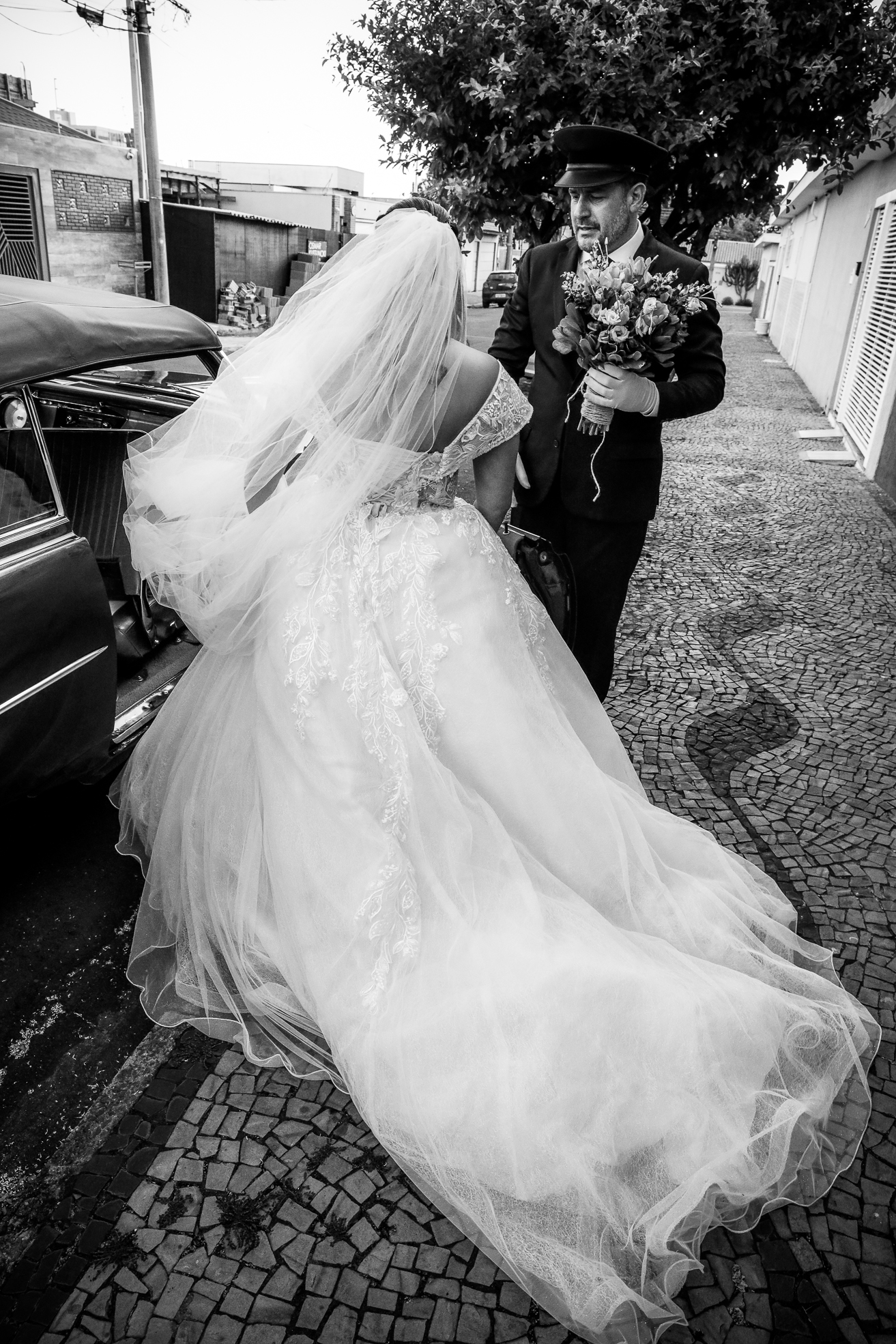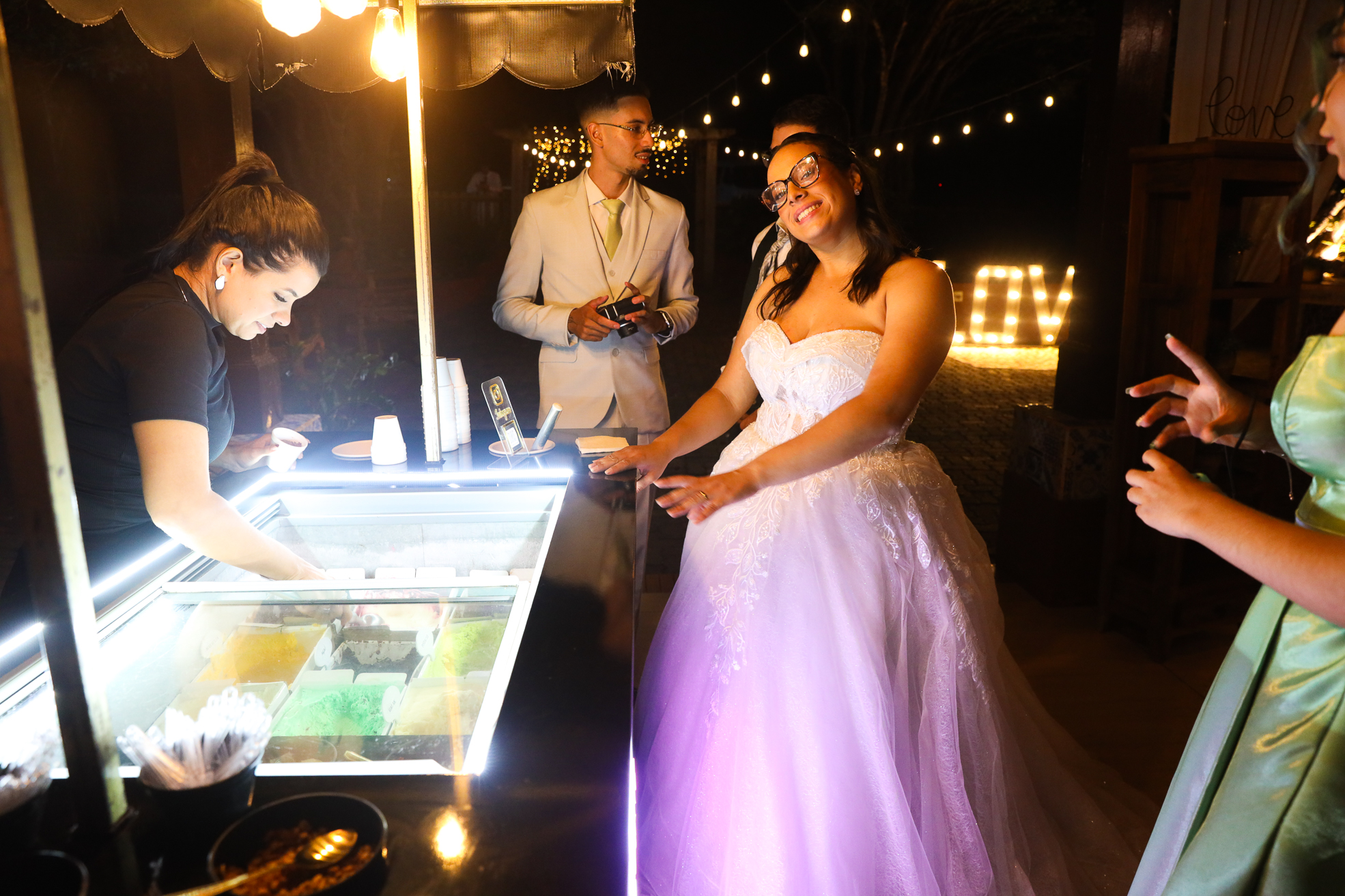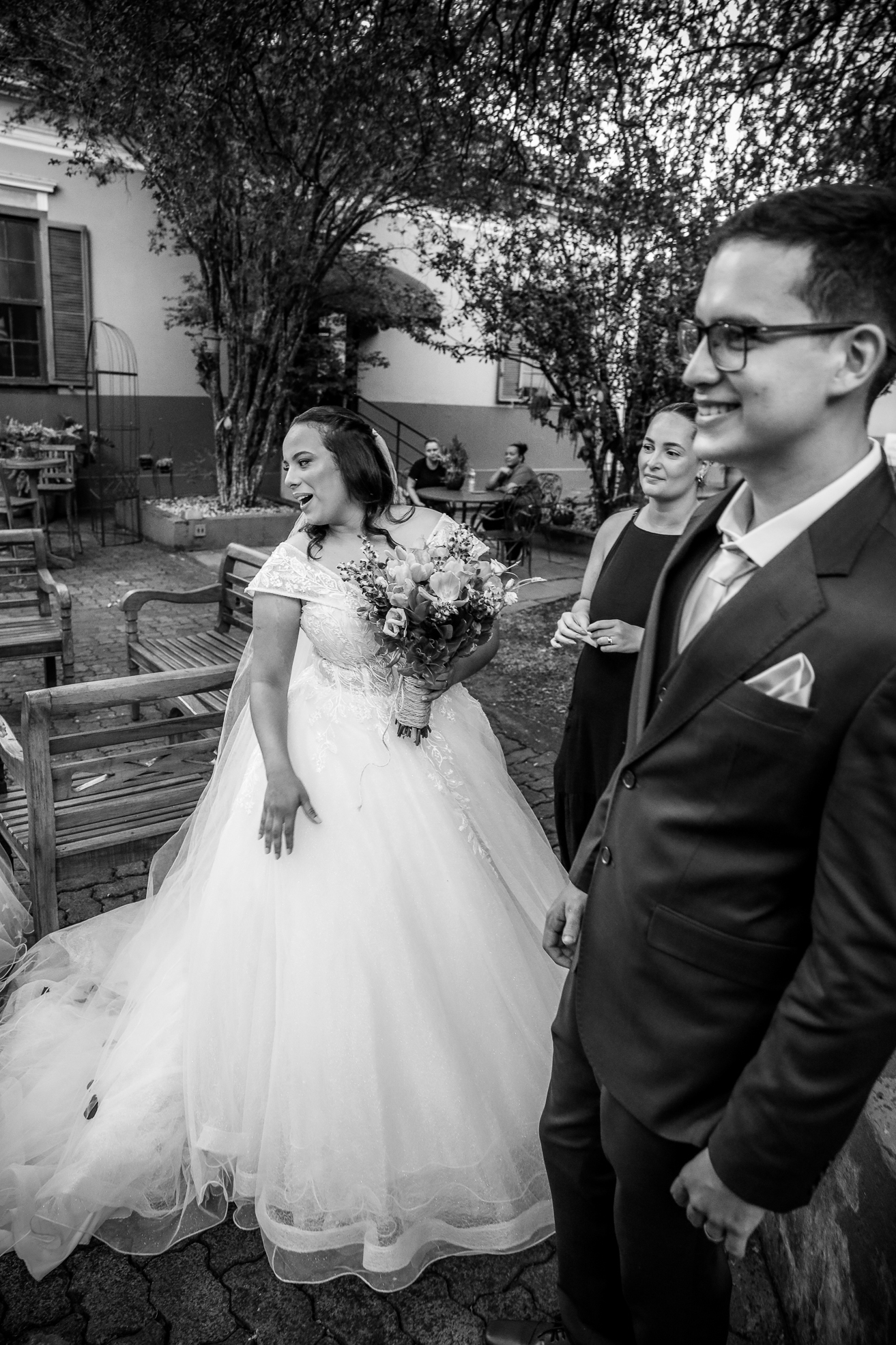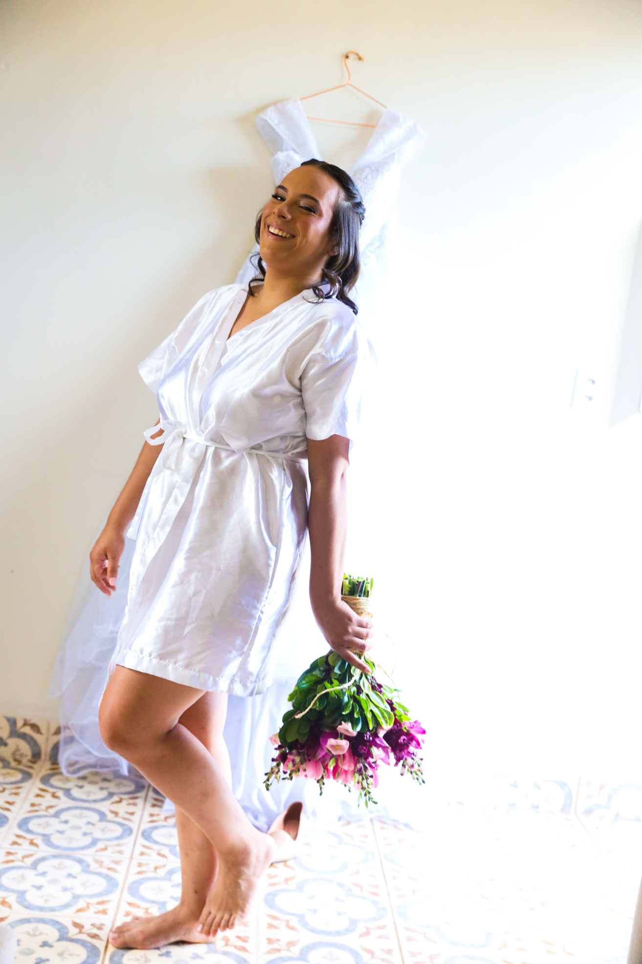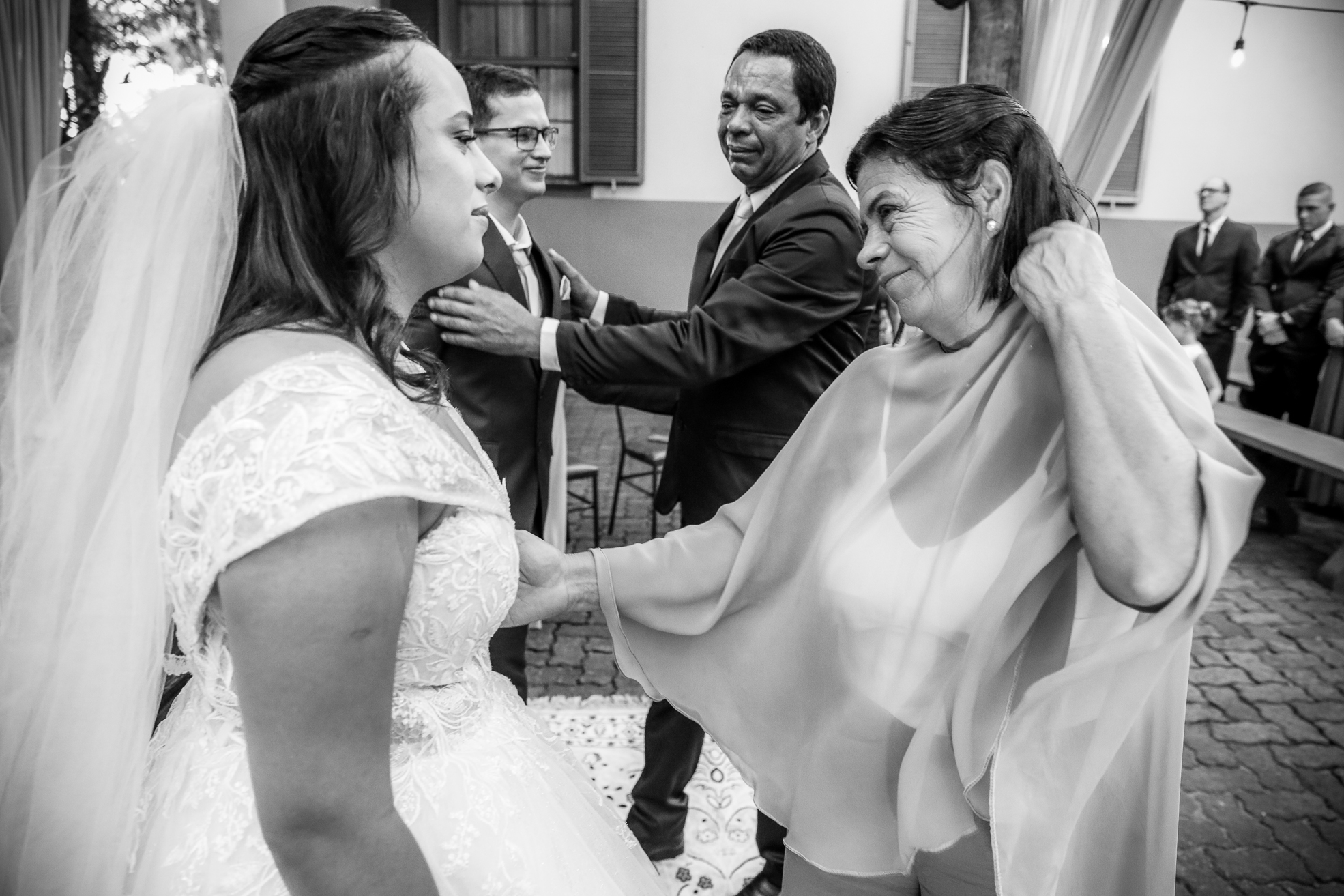 A Ana estava nervosa no começo, até chorou antes de entrar na cerimônia, mas assim que viu o Eduardo, tudo se encaixou e ela sorriu.
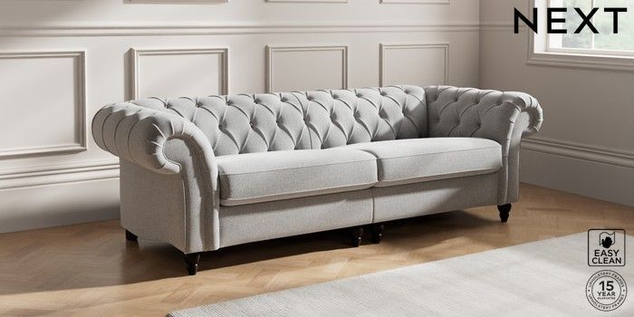 7.2.10 Gosford II Deep Sit 4 Seater Sofa Tweedy Blend Easy Clean Light Silver Grey Low Turned - Dark | Made Click here to use our website with more accessibility support, for example screen readers
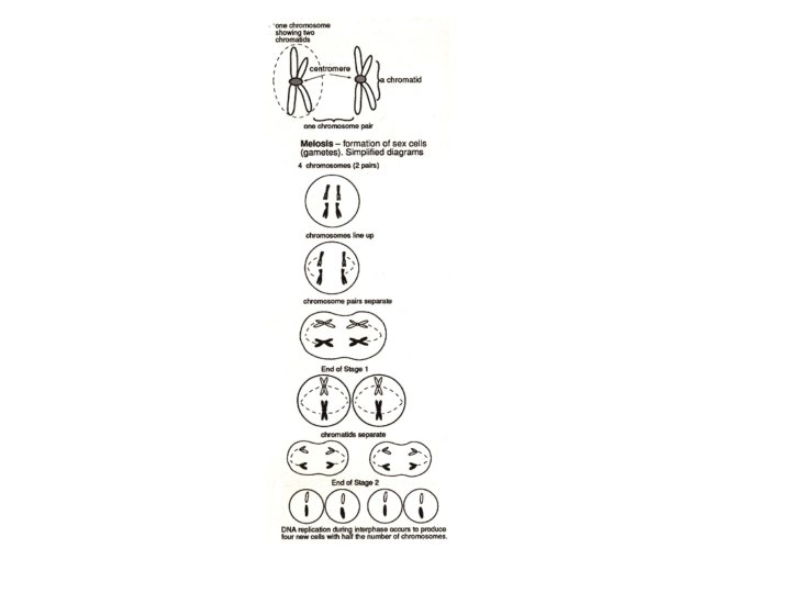 Differences between Mitosis and Meiosis Mitosis Meiosis • Occurs in somatic cells • One division during the process • Homologous chromosomes don’t pair off • Two cells formed • Centromere divides • Occurs in sex organs only • Two divisions during the process • Homologous chromosomes pair off • Four cells formed • Centromere divides at second division only • Daughter cells are haploid • Cells genetically different. • Daughter cells are diploid • Cells genetically identical
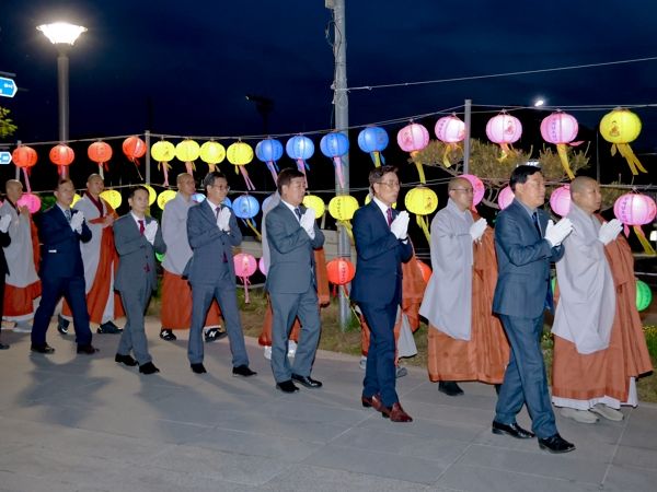 합천군불교연합회회장 진각스님은 봉축점등사를 통해 “군민 한분 한분이 각자의 위치에서 맡은바 소임을 다 해주셔서 감사하며, 모든 군민의 행복, 번영과 화합을 두손모아 기원한다”고 말했다.
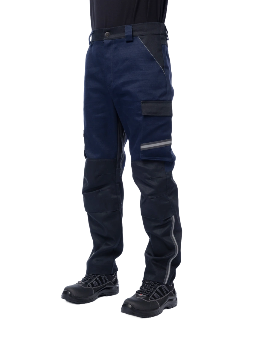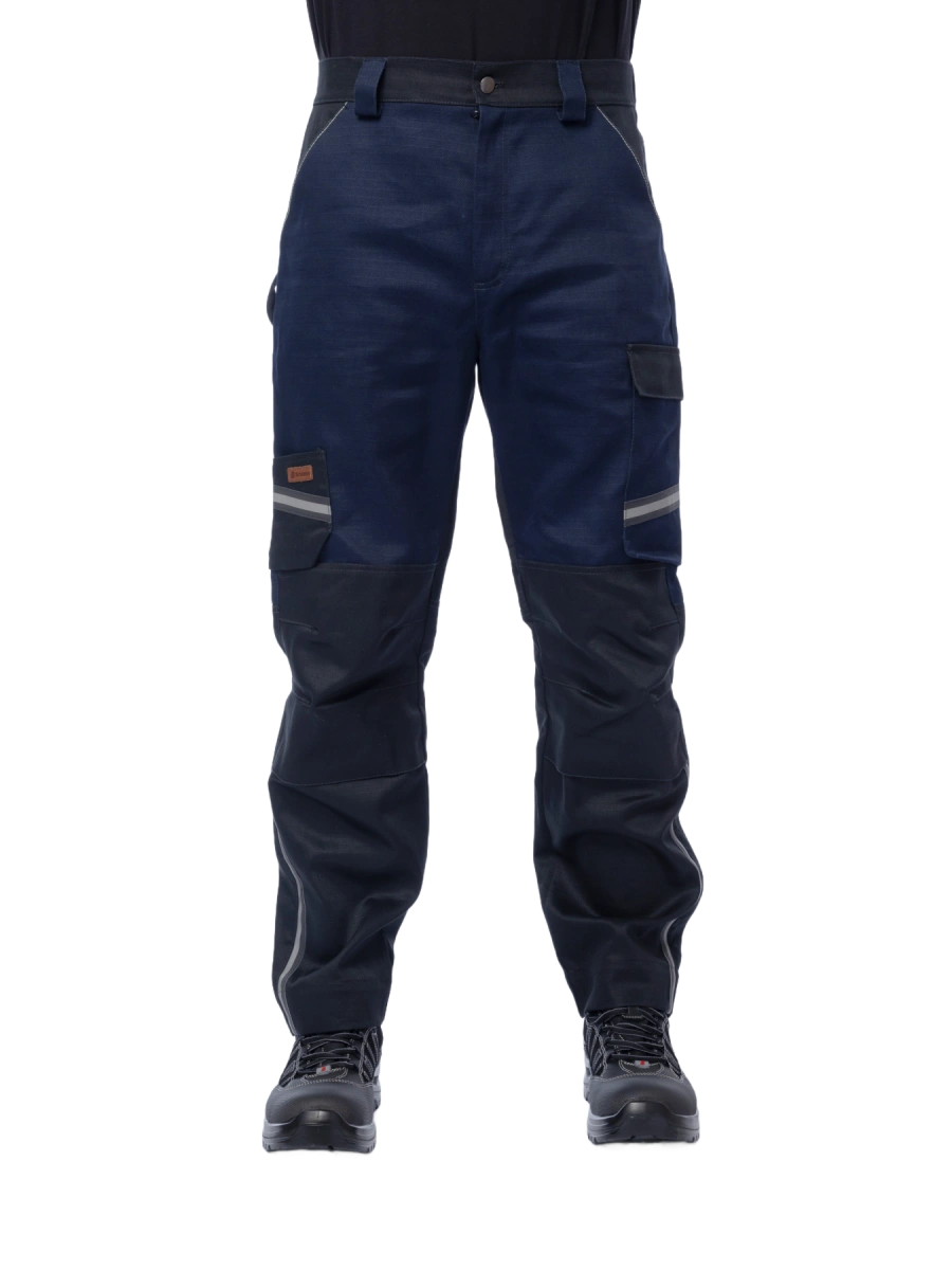 Ткань с пропиткой по технологии Proban, устойчива к искрам и брызгам расплавленного металла Термостойкая фурнитура Ткань рип-стоп прочная на разрыв Лёгкий вес изделия Эргономичный крой Частично эластичный пояс 2 боковых кармана, набедренный карман с клапаном, задний карман с клапаном, карман для инструментов, отделения для расходных материалов, петля для подвеса инструментов Ластовица для удобства движений Отделения под наколенники Регулировка по низу брюк с помощью кнопок Удлинение брюк на 5 см Светоотражающие ленты Маркировка для ФИО на вшивной этикетке
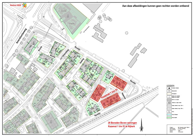 • De 26 beneden- en bovenwoningen liggen aan Kazemat 1 t/m 51 in Nijkerk
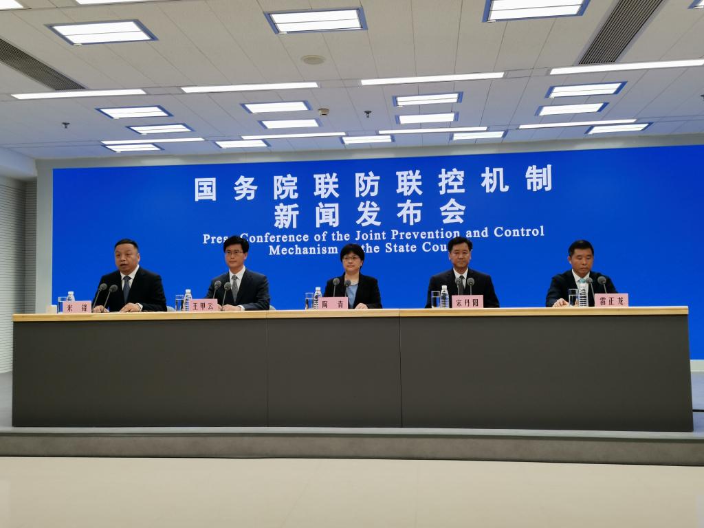国务院联防联控机制新闻发布会现场。新华社记者 田晓航 摄
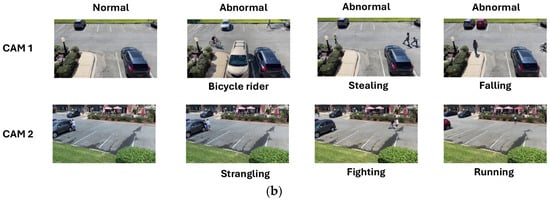 32] is a multi-camera anomaly dataset set in a commercial parking lot, which includes 420 videos with over 1.15 million high-resolution frames from four camera views. Scenes 1–3 and Scene 4 are captured at 30 frames per second, and at 1920 × 1080 resolution and 1280 × 720 resolution, respectively. According to its authors, it is the largest fully annotated anomaly detection dataset, offering detailed person annotations from continuous video streams captured by stationary cameras. The CHAD provides human detection, tracking, and pose annotations encompassing four types: frame-level anomaly labels, person bounding boxes, person ID labels, and human key points. It includes 59,172 anomalous frames representing 22 distinct behaviors categorized into group and individual activities, and 1,093,477 normal frames. The group activities comprise fighting, punching, pushing, pulling, slapping, strangling, theft, etc., while the individual activities include throwing, running, riding, falling, littering, etc.
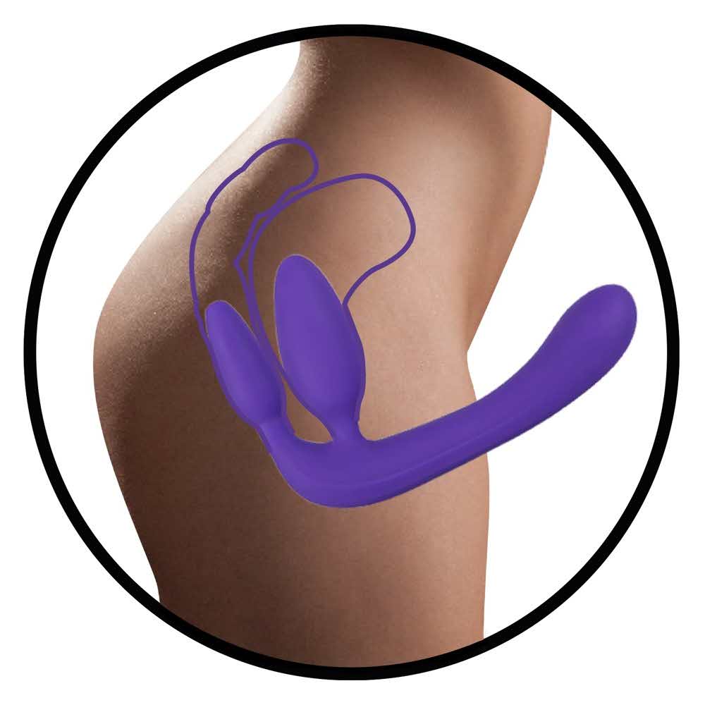 Vaginal plug, anal plug and dildo – all in one. Purple. Total length: approx. 20 cm. Length vaginal plug: approx. 10.5 cm. Length anal plug: approx. 8.5 cm. Diameter plugs and dildo: 1.4-4 cm. Material: silicone.

- What you need to do
When you output the entries, keep each line exactly as it is and leave out any pictures.

- Result
 A Ana estava nervosa no começo, até chorou antes de entrar na cerimônia, mas assim que viu o Eduardo, tudo se encaixou e ela sorriu.
 7.2.10 Gosford II Deep Sit 4 Seater Sofa Tweedy Blend Easy Clean Light Silver Grey Low Turned - Dark | Made Click here to use our website with more accessibility support, for example screen readers
 Differences between Mitosis and Meiosis Mitosis Meiosis • Occurs in somatic cells • One division during the process • Homologous chromosomes don’t pair off • Two cells formed • Centromere divides • Occurs in sex organs only • Two divisions during the process • Homologous chromosomes pair off • Four cells formed • Centromere divides at second division only • Daughter cells are haploid • Cells genetically different. • Daughter cells are diploid • Cells genetically identical
 합천군불교연합회회장 진각스님은 봉축점등사를 통해 “군민 한분 한분이 각자의 위치에서 맡은바 소임을 다 해주셔서 감사하며, 모든 군민의 행복, 번영과 화합을 두손모아 기원한다”고 말했다.
 Ткань с пропиткой по технологии Proban, устойчива к искрам и брызгам расплавленного металла Термостойкая фурнитура Ткань рип-стоп прочная на разрыв Лёгкий вес изделия Эргономичный крой Частично эластичный пояс 2 боковых кармана, набедренный карман с клапаном, задний карман с клапаном, карман для инструментов, отделения для расходных материалов, петля для подвеса инструментов Ластовица для удобства движений Отделения под наколенники Регулировка по низу брюк с помощью кнопок Удлинение брюк на 5 см Светоотражающие ленты Маркировка для ФИО на вшивной этикетке
 • De 26 beneden- en bovenwoningen liggen aan Kazemat 1 t/m 51 in Nijkerk
国务院联防联控机制新闻发布会现场。新华社记者 田晓航 摄
 32] is a multi-camera anomaly dataset set in a commercial parking lot, which includes 420 videos with over 1.15 million high-resolution frames from four camera views. Scenes 1–3 and Scene 4 are captured at 30 frames per second, and at 1920 × 1080 resolution and 1280 × 720 resolution, respectively. According to its authors, it is the largest fully annotated anomaly detection dataset, offering detailed person annotations from continuous video streams captured by stationary cameras. The CHAD provides human detection, tracking, and pose annotations encompassing four types: frame-level anomaly labels, person bounding boxes, person ID labels, and human key points. It includes 59,172 anomalous frames representing 22 distinct behaviors categorized into group and individual activities, and 1,093,477 normal frames. The group activities comprise fighting, punching, pushing, pulling, slapping, strangling, theft, etc., while the individual activities include throwing, running, riding, falling, littering, etc.
 Vaginal plug, anal plug and dildo – all in one. Purple. Total length: approx. 20 cm. Length vaginal plug: approx. 10.5 cm. Length anal plug: approx. 8.5 cm. Diameter plugs and dildo: 1.4-4 cm. Material: silicone.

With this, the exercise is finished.